PRESIDENT BEST: Thank you very much, Mr. Devitt, for this very intriguing story. Truth is sometimes stranger than fiction. And we want to keep in touch with you, and we want to keep hearing from you, because you have got a big job to do yet.

MR. DEVITT: There is only one thing, ladies and gentlemen: I don't want to run into 5,000 letters to answer. Keep my name out of this. That is my walking-out request now. That's the story. I am going to continue to keep collecting samples. I hope some day to have a number myself of the best, and I might come back again sometime. I can't say every year; circumstances may be that I can't come. However, it's been a great pleasure for me to be here. I have wanted to come for 20 years, and I thought this year that I should come, because I am on this special mission of Reverend Crath's. Now you know what's going on in Ontario.

MR. SLATE: Mr. Chairman, I think the Association will answer the 5,000 letters, if he will ask.

MR. DEVITT: I didn't ask. Are there any questions?

DR. MCKAY: I'd like to ask a question. Was any scion wood ever brought over?

MR. DEVITT: There was some scion wood brought over by the Reverend Crath in the spring of 1935, and it was brought over on the boat. I remember in those years only one that grew on a tree belonging to Mr. Corsan.

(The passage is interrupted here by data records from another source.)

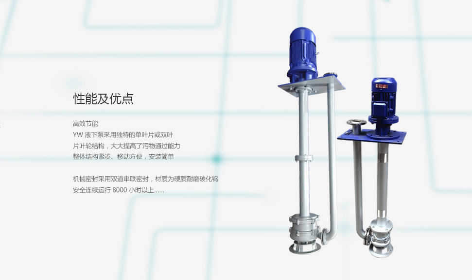 4、液下排污泵機械密封采用雙道串聯密封,材質為硬質耐磨碳化鎢,具有耐用、耐磨等特點,可以使泵安全連續運行8000小時以上。
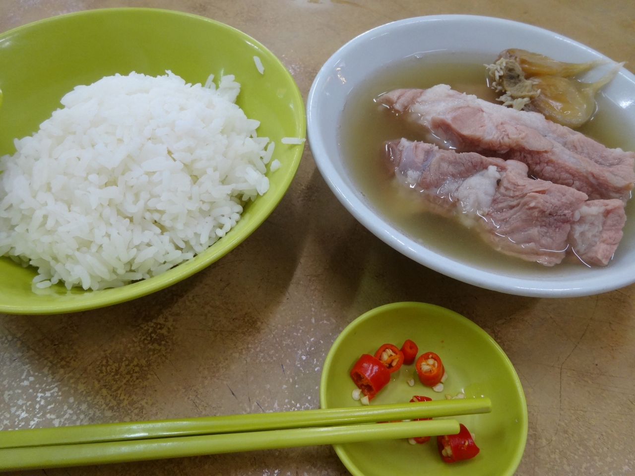 チャイナタウンにある、飲食店がたくさん並ぶストリートです。基本オープンカフェ形式の座席で食べることになります。朝訪問したので、バクテー(骨肉茶)をオーダーしました。濃いめのスープとご飯の相性は抜群でした。
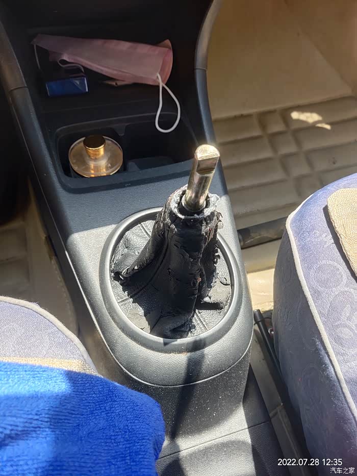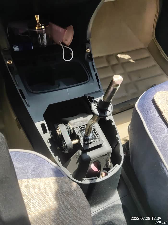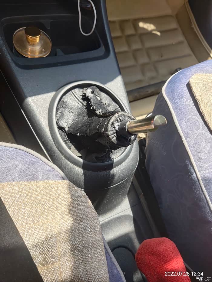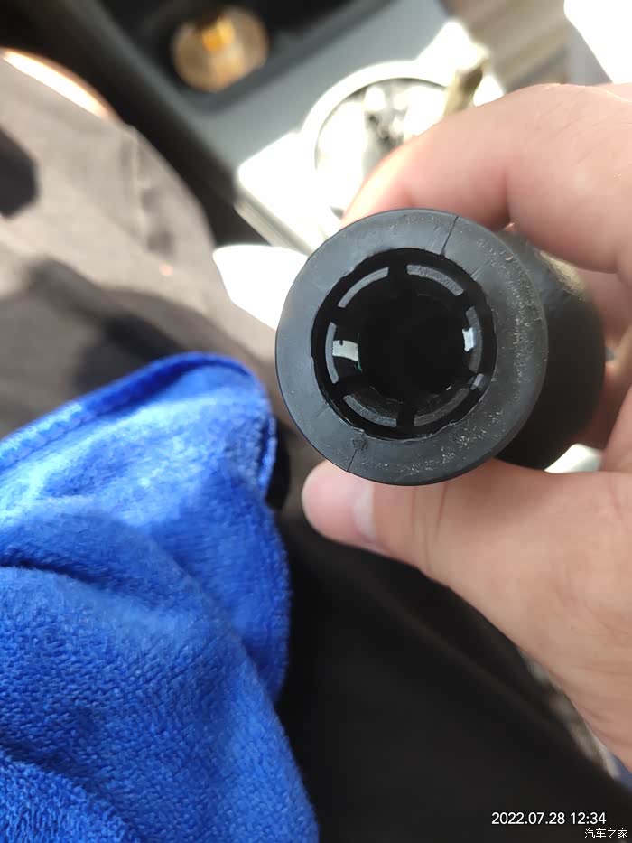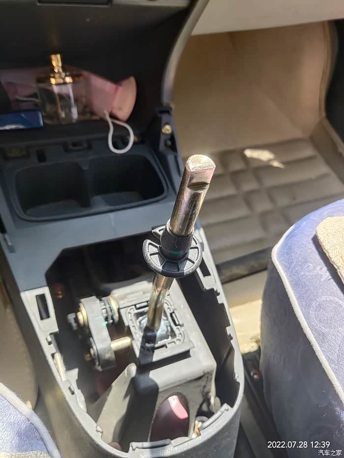 车子晒滴热热的,坐车里和蒸笼一样,但正好方便作业,这个档头疙瘩是卡扣的,凉了是硬的,拔不下来或者会伤损物件。

I don't think the other scion wood proved any good at all.

MR. STOKE: I got a little of that scion wood, and it had been waxed. The bark was nice and green, but the buds were dead.

MR. CALDWELL: Do you have a plantation of young, producing trees?

MR. DEVITT: No. My place, where I had those trees is now $3 million worth of buildings on 15 acres. You'd be looking down a street. They moved in in 1944, and built up 15 acres where I had one acre in the 15.